# Input for this task
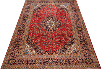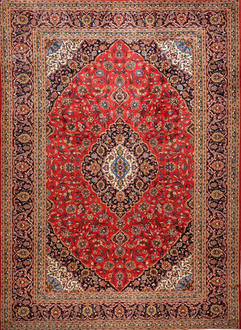Kashan (eller Keshan) mattor är verkligen ett exempel på det finaste inom persisk mattkonstnär. De erbjuder en kombination av skönhet, hållbarhet och kulturellt värde. Om du funderar på att köpa en Kashan-matta kan du vara säker på att du investerar i ett stycke iransk kultur och historia som kommer att ge glädje och skönhet i många år framöver. Kashan-mattor är handknutna med stor precision och följer traditionella vävtekniker som har utvecklats under århundraden. Mattorna är kända för sin höga knuttäthet och intrikata detaljer. Kashan-mattor har ofta komplexa mönster inklusive stora centrala medaljonger, blommor, arabesker och stiliserade växtmotiv. Mönstren är ofta symmetriska och har en harmonisk design som speglar traditionell persisk konst. De vanligaste färgerna i Kashan-mattor är röd, blå, elfenben och beige. Dessa färger kombineras ofta för att skapa en rik och kontrasterande palett. Färgerna är traditionellt gjorda med naturliga färgämnen, vilket ger dem ett djupt och hållbart utseende. De flesta Kashan-mattor är gjorda av högkvalitativ ull, vilket ger en mjuk och hållbar yta. Några av de mer exklusiva kan även innehålla siden för att ge extra lyster och rikedom i detaljer. Mattornas bas är oftast gjord av bomull, vilket ger stabilitet och struktur till mattan. Kashan-mattor är kända för sin höga knuttäthet, vilket gör dem täta och hållbara. Denna höga knuttäthet möjliggör skapandet av mycket detaljerade mönster och bidrar till mattans livslängd. Kashan-mattor finns i en mängd olika storlekar, från små bönemattor till stora rumsstora mattor. De är populära både för hemmabruk och som prydnadsföremål i offentliga utrymmen. Kashanmattor är en viktig del av Irans kulturarv och representerar en lång tradition av konstnärligt uttryck och hantverk. De är ofta ett uttryck för lokal kultur och estetik och anses vara en form av konstverk. Många Kashan-mattor har historiskt gjorts för kungliga hov och rika köpmän, vilket markerar dem som symboler för lyx och status. De är fortfarande mycket eftertraktade både som samlarobjekt och för dekoration i exklusiva miljöer. Kashan-mattor är ofta dyra på grund av deras höga kvalitet och estetiska värde.
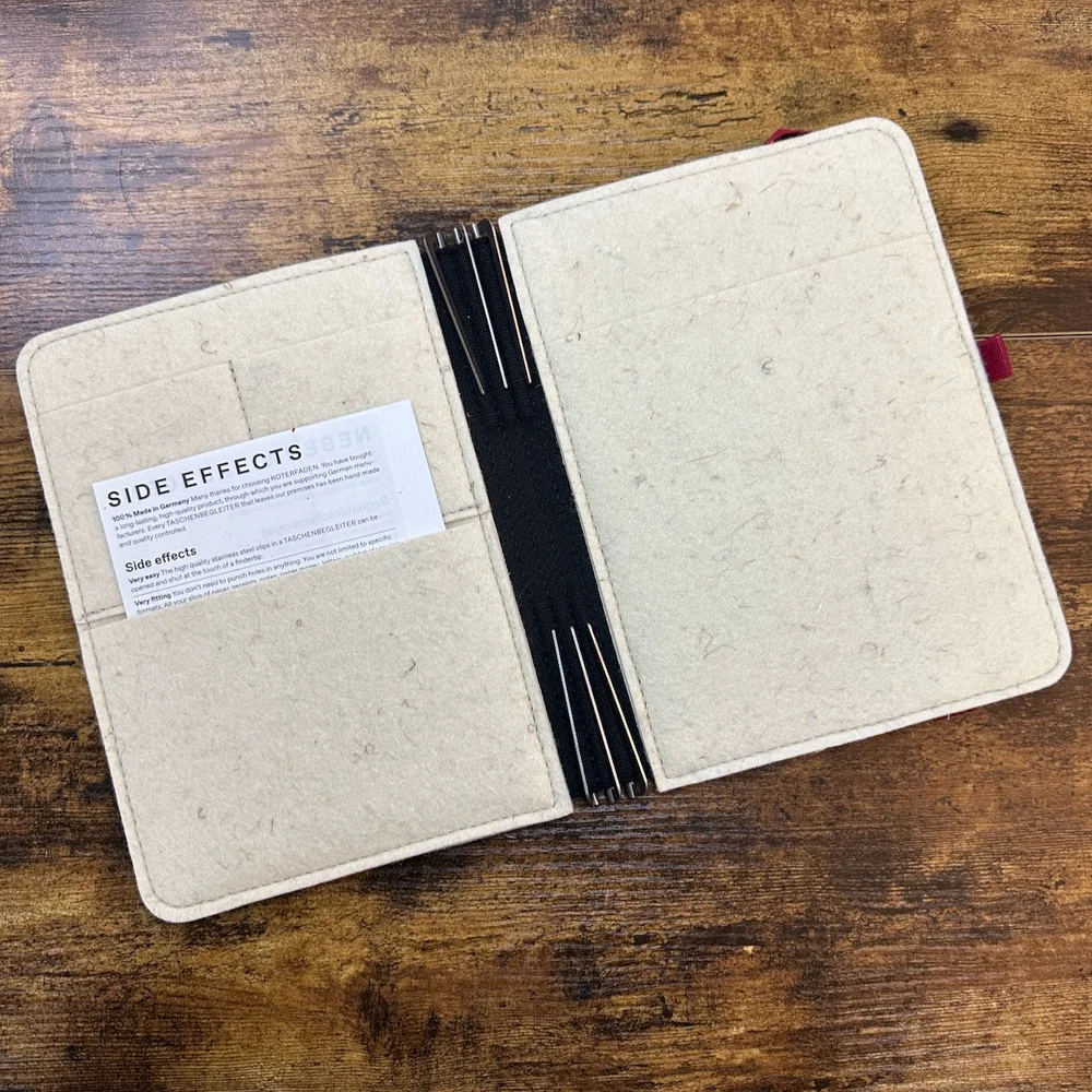 We’ve added a couple of new Roterfadens to the Roterfaden Shop page, including this Cognac leather cover with “Raw White” felt interior. (Model LTD_036)
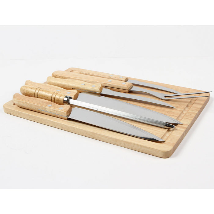 set de bbq fabricado en acero inoxidable y mangos de roble, incluye 7 piezas (cuchillo de chef, cuchillo pequeño, cuchillo deshuesador, cuchillo para carne, tenedor, afilador y tabla para cortar de madera).
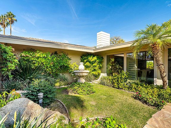 Discover timeless desert charm in this classic 1958 ranch house at 73430 Buckboard Trail, nestled in the historic Silver Spur Ranch neighborhood of South Palm Desert. A circular driveway surrounded by palm trees welcomes you into this inviting property. Step through the foyer into a spacious home with 2 notable fireplaces. The great room features a cozy fireplace, floor-to-ceiling windows, and wood shutters that add a touch of warmth and character. The open floor plan flows seamlessly into the kitchen, complete with a bar/island- perfect for a quick cup of coffee or casual dining. Adjacent to the kitchen is a dining area for entertaining, a comfortable living room incorporating the second fireplace, and a versatile den/bedroom with an en-suite bath. To the right of the entrance, the guest and primary bedrooms are thoughtfully positioned for added privacy from the main living spaces. The north facing pool area is comprised of desert mountain vistas optimal for relaxing while enjoying sunsets. Excellent proximity to El Paseo, hiking trails and the Living Desert. Brimming with potential, this hidden gem offers the ideal opportunity for a relaxing weekend escape or a year-round retreat.
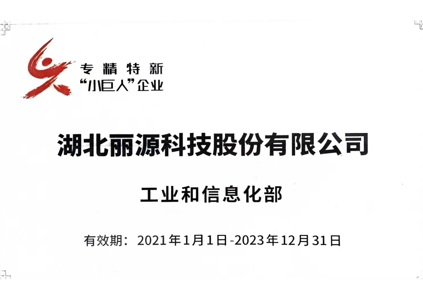 2021年1月,麗源科技被認(rèn)定為「國家級(jí)專精特新重點(diǎn)“小巨人”企業(yè)」
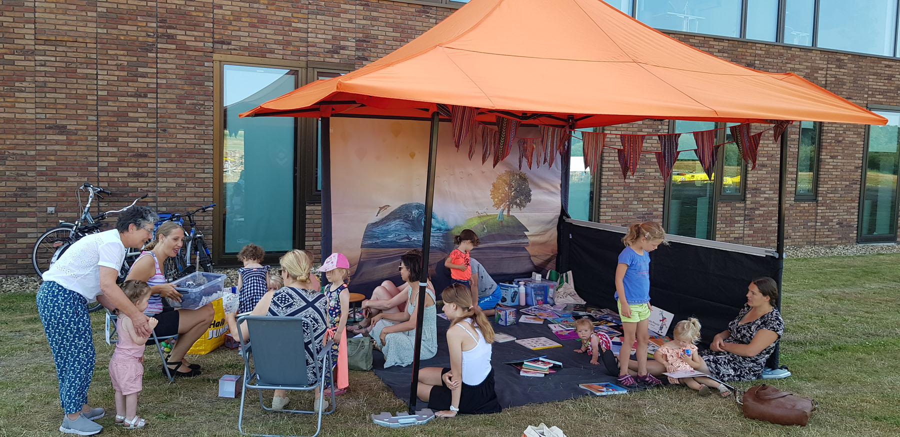 De voorleestent werd bemand door medewerkers en vrijwilligers van de Bibliotheek. Het was een gezellige drukte in de tent.

# What needs to be done
Retype each entry exactly. No pictures.

# Output of the task
Kashan (eller Keshan) mattor är verkligen ett exempel på det finaste inom persisk mattkonstnär. De erbjuder en kombination av skönhet, hållbarhet och kulturellt värde. Om du funderar på att köpa en Kashan-matta kan du vara säker på att du investerar i ett stycke iransk kultur och historia som kommer att ge glädje och skönhet i många år framöver. Kashan-mattor är handknutna med stor precision och följer traditionella vävtekniker som har utvecklats under århundraden. Mattorna är kända för sin höga knuttäthet och intrikata detaljer. Kashan-mattor har ofta komplexa mönster inklusive stora centrala medaljonger, blommor, arabesker och stiliserade växtmotiv. Mönstren är ofta symmetriska och har en harmonisk design som speglar traditionell persisk konst. De vanligaste färgerna i Kashan-mattor är röd, blå, elfenben och beige. Dessa färger kombineras ofta för att skapa en rik och kontrasterande palett. Färgerna är traditionellt gjorda med naturliga färgämnen, vilket ger dem ett djupt och hållbart utseende. De flesta Kashan-mattor är gjorda av högkvalitativ ull, vilket ger en mjuk och hållbar yta. Några av de mer exklusiva kan även innehålla siden för att ge extra lyster och rikedom i detaljer. Mattornas bas är oftast gjord av bomull, vilket ger stabilitet och struktur till mattan. Kashan-mattor är kända för sin höga knuttäthet, vilket gör dem täta och hållbara. Denna höga knuttäthet möjliggör skapandet av mycket detaljerade mönster och bidrar till mattans livslängd. Kashan-mattor finns i en mängd olika storlekar, från små bönemattor till stora rumsstora mattor. De är populära både för hemmabruk och som prydnadsföremål i offentliga utrymmen. Kashanmattor är en viktig del av Irans kulturarv och representerar en lång tradition av konstnärligt uttryck och hantverk. De är ofta ett uttryck för lokal kultur och estetik och anses vara en form av konstverk. Många Kashan-mattor har historiskt gjorts för kungliga hov och rika köpmän, vilket markerar dem som symboler för lyx och status. De är fortfarande mycket eftertraktade både som samlarobjekt och för dekoration i exklusiva miljöer. Kashan-mattor är ofta dyra på grund av deras höga kvalitet och estetiska värde.
 We’ve added a couple of new Roterfadens to the Roterfaden Shop page, including this Cognac leather cover with “Raw White” felt interior. (Model LTD_036)
 set de bbq fabricado en acero inoxidable y mangos de roble, incluye 7 piezas (cuchillo de chef, cuchillo pequeño, cuchillo deshuesador, cuchillo para carne, tenedor, afilador y tabla para cortar de madera).
 Discover timeless desert charm in this classic 1958 ranch house at 73430 Buckboard Trail, nestled in the historic Silver Spur Ranch neighborhood of South Palm Desert. A circular driveway surrounded by palm trees welcomes you into this inviting property. Step through the foyer into a spacious home with 2 notable fireplaces. The great room features a cozy fireplace, floor-to-ceiling windows, and wood shutters that add a touch of warmth and character. The open floor plan flows seamlessly into the kitchen, complete with a bar/island- perfect for a quick cup of coffee or casual dining. Adjacent to the kitchen is a dining area for entertaining, a comfortable living room incorporating the second fireplace, and a versatile den/bedroom with an en-suite bath. To the right of the entrance, the guest and primary bedrooms are thoughtfully positioned for added privacy from the main living spaces. The north facing pool area is comprised of desert mountain vistas optimal for relaxing while enjoying sunsets. Excellent proximity to El Paseo, hiking trails and the Living Desert. Brimming with potential, this hidden gem offers the ideal opportunity for a relaxing weekend escape or a year-round retreat.
 2021年1月,麗源科技被認(rèn)定為「國家級(jí)專精特新重點(diǎn)“小巨人”企業(yè)」
 De voorleestent werd bemand door medewerkers en vrijwilligers van de Bibliotheek. Het was een gezellige drukte in de tent.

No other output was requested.